Welcome to the four hundred and thirty-eighth in a series of examinations of comic book legends and whether they are true or false. Click here for an archive of the previous four hundred and thirty-seven. This week, what organization got DC and Marvel to team-up for an ultra rare comic book in 1978? And what future famous comic book writer wrote it? Plus, who is Silkie and how did she almost become a member of the X-Men? Finally, just what’s the deal with Cyclops’ powers and other dimensions?!
NOTE: The column is on three pages, a page for each legend. There’s a little “next” button on the top of the page and the bottom of the page to take you to the next page (and you can navigate between each page by just clicking on the little 1, 2 and 3 on the top and the bottom, as well).
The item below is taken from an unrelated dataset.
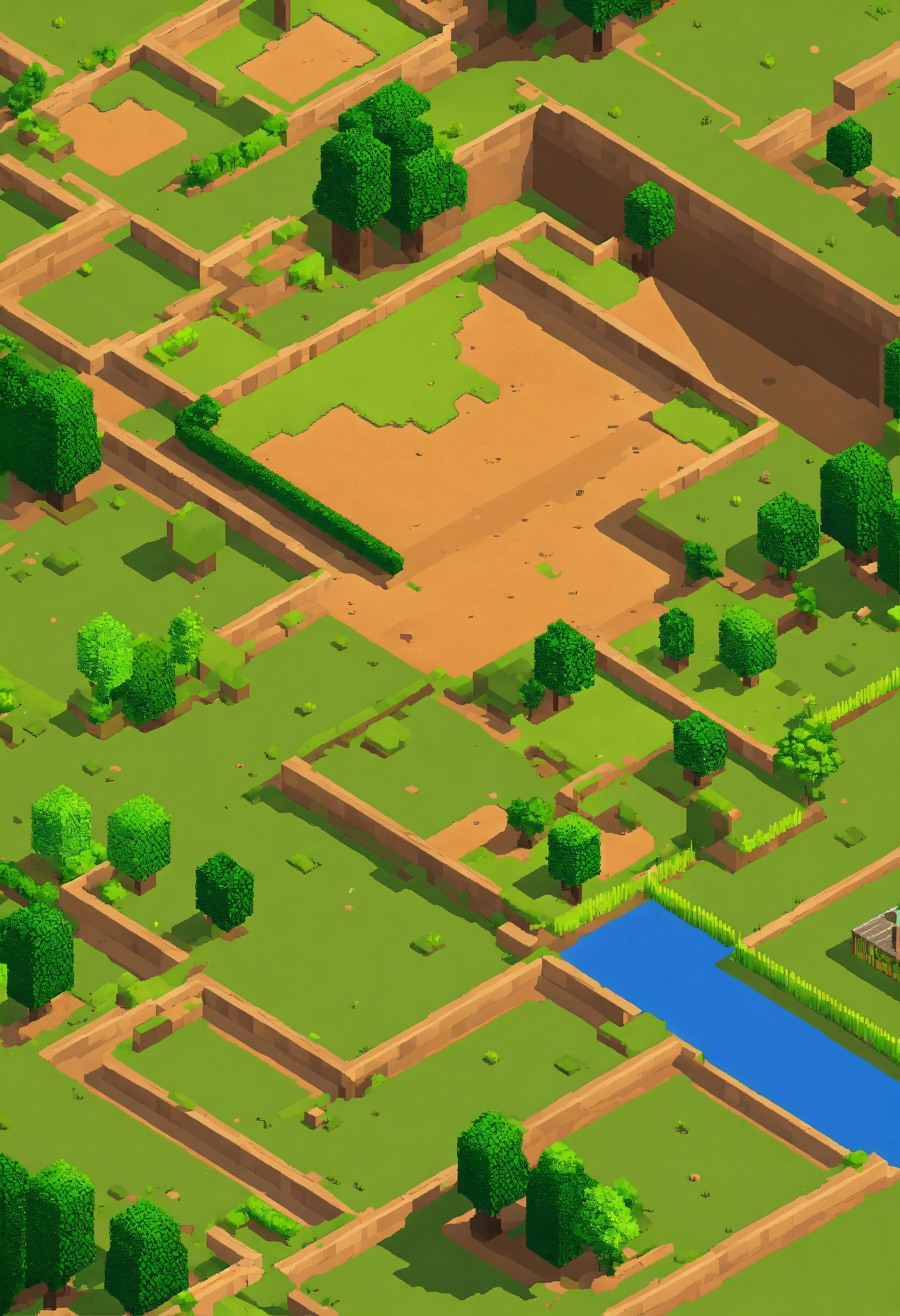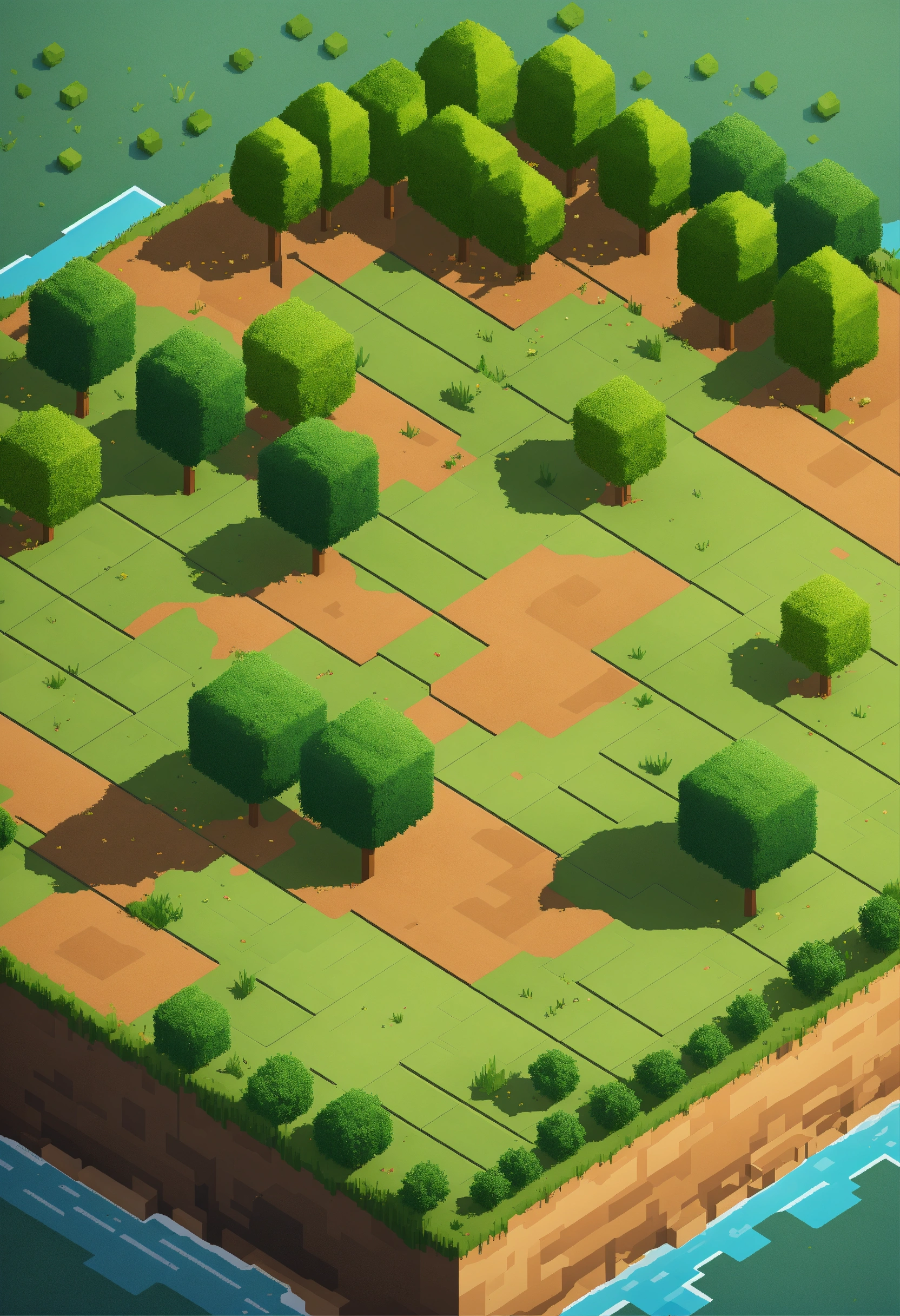Simple pixel 2d flat empty plain dirt grassy landscape from above isometric

COMIC LEGEND: Superheroes from DC and Marvel teamed-up in a comic written by Kurt Busiek in 1978 for…the Boston Symphony Orchestra?!
A few weeks back, reader Albert A. wrote in to ask:
Didn’t Kurt Busiek, when he was younger before he became a professional writer, get a hold of DC and Marvel Comics in order to get permission from them to use their characters for a comic book that he produced for a local library or museum? Something like that? And that it was also listed in one of the prominent comic book price guides?
Pretty much exactly that, Albert.
In 1978, a group of teenagers, including 17-year-old Kurt Busiek did, indeed, convince DC and Marvel to allow them to license their characters for a special comic book that would be sold as a fundraiser for the Boston Symphony Orchestra. In the comments section, Kurt stopped by to explain how it came about:
[The comics’] Artist Chris Bing was the guy who pulled the project together creatively, in part because his mother was on the BSO’s Junior Committee (which runs or promotes or in some way is involved in the Pops opening night fundraiser.
Chris talked his mom into pitching the idea of a comics-themed opening night, and the BSO got Marvel and DC to agree to let us do our strange promo comic.
It was sold for $10 at the opening concert of the orchestra that year. The plot of the comic was that a bad guy kidnapped the orchestra and the combined might of the DC and Marvel heroes would be needed to save them (with help from the orchestra’s conductor, Seiji Ozawa, of course).
The print run was only 250 copies and the licensing agreement stipulated that all unsold copies be destroyed that night.
Therefore, as you might imagine, the comic is very valuable. A copy sold for over $1,000 recently at Heritage Auctions. While there, though, I was able to see it for the first time.
Here is the cover…
And two pages from inside…
Most amazing is the credits for the book…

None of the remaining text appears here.